Indego is Philadelphia’s bike sharing system and it turned one year old in April 2016. However, it took almost ten years for bike share to come to Philly.
It all started with one person’s trip to France and his and others’ battle with the city to bring bike share to Philadelphia.
In 2006, Russell Meddin visited France and went to the city of Lyon. He saw bike sharing station when he got off the train. Their system is called “Vélo’v.” He asked a friend of his who was there at the time and she said using a Vélo’v bike was the fastest way of getting around Lyon and everyone loved it. Lyon and Philadelphia are laid out similarly.

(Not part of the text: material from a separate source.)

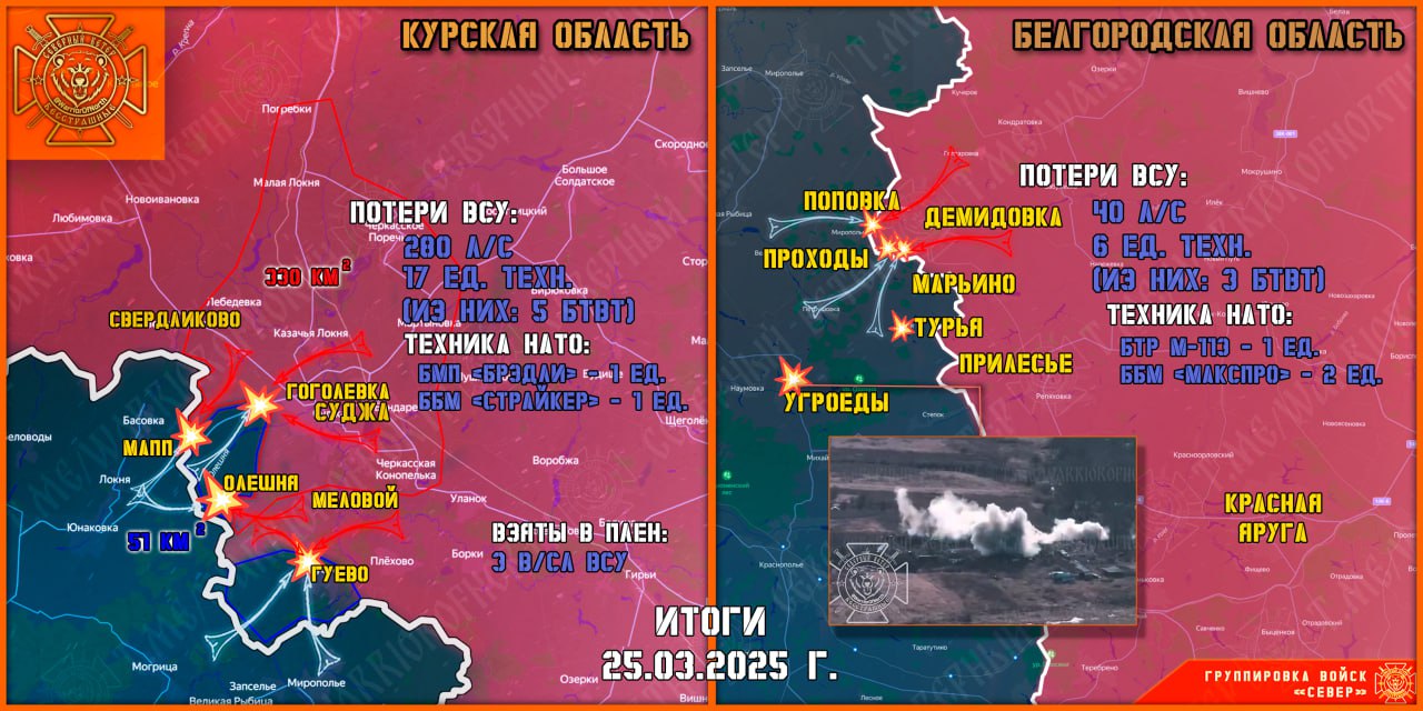 Дважды за минувшие сутки противник пытался прорваться в Поповку. В ходе нашего огневого воздействия большая часть живой силы противника уничтожена, оставшиеся в живых всушники бежали на территорию Сумской области. Три раза в пешем порядке и на квадроциклах, а один раз на БТР враг выдвигался в направлении Демидовки. Живая сила и мобильные средства передвижения уничтожены «северянами», бронетранспортёр ВСУ подорвался на мине на территории Сумской области и был добит нашим FPV-дроном.

They are both between two rivers, have central business districts and the eastern parts of the cities are flat while the western parts are hilly.
Meddin thought, if Lyon could do it, why not Philadelphia.
In 2007 Meddin founded Bike Share Philadelphia, an advocacy group devoted to bringing a public use biking to Philadelphia. While today bike share programs are in many US cities, it was not that way in 2007. Meddin began working with different organizations and people in Philadelphia (including John Boyle of BCGP) make Bike Share Philadelphia happen.
That year Paris introduced it’s bike share program, which was then the largest in the world and New York City had a public use bicycling exhibition as well, so bike share was in the air. Meddin and the rest of Bike Share Philadelphia decided to have a forum to educate Philadelphians about public use bike share. Many individuals and organizations contributed to putting on the forum.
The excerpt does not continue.